### What needs to be done
All that is needed is the number of lines in the records that contain the word "design", stated without anything else.

+===+

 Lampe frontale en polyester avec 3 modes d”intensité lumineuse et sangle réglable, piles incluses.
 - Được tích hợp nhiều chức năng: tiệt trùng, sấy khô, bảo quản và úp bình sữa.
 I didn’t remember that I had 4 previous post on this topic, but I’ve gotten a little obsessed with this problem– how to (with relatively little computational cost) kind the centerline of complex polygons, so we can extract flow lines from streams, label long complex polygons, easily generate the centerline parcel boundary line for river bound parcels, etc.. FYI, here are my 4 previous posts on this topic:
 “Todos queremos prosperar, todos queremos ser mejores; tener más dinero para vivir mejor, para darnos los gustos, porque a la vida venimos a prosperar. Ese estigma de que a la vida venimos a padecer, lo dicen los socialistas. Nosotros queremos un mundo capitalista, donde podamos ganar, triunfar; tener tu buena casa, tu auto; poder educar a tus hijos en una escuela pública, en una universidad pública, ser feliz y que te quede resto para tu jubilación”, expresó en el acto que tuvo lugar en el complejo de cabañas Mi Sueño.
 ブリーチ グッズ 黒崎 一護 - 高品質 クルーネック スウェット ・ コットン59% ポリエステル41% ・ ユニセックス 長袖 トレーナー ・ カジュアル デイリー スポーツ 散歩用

+===+

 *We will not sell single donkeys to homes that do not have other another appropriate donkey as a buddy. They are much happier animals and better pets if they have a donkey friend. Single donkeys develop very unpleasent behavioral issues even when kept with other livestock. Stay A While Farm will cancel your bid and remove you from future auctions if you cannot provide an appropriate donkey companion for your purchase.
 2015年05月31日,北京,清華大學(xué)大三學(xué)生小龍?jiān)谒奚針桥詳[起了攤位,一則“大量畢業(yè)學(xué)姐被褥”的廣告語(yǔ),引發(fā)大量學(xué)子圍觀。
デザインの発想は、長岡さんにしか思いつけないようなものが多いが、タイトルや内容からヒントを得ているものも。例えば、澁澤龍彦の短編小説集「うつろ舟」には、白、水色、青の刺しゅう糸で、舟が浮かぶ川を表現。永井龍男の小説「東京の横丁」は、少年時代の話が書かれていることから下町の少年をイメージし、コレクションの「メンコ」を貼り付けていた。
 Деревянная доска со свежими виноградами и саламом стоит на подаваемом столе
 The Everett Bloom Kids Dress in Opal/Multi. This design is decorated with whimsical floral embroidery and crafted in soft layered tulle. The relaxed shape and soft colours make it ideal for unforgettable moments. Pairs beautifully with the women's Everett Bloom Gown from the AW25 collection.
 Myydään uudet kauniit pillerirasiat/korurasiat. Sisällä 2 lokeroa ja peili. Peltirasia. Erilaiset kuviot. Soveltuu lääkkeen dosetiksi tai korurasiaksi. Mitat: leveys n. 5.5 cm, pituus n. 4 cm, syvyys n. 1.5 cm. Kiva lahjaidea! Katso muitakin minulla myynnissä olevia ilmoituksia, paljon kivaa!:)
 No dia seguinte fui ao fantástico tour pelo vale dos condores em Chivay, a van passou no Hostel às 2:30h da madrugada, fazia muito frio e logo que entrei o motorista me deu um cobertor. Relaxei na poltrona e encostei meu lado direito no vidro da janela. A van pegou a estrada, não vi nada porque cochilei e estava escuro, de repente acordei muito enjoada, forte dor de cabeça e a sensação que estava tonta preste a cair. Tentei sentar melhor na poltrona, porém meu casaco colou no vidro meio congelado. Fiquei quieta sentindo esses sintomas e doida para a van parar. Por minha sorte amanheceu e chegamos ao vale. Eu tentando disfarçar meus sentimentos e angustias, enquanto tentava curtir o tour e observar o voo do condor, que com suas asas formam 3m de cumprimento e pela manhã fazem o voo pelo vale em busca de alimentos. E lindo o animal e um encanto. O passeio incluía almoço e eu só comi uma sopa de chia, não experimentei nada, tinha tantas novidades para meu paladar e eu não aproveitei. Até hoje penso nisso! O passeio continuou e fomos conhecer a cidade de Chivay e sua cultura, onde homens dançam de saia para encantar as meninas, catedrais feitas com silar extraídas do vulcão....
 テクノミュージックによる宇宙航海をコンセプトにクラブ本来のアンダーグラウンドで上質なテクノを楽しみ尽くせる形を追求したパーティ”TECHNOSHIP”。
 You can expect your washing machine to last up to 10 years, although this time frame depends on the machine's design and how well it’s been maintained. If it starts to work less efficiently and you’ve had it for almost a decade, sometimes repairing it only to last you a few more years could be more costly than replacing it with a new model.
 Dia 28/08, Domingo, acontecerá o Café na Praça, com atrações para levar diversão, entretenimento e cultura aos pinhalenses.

+===+

### Solution for this problem
2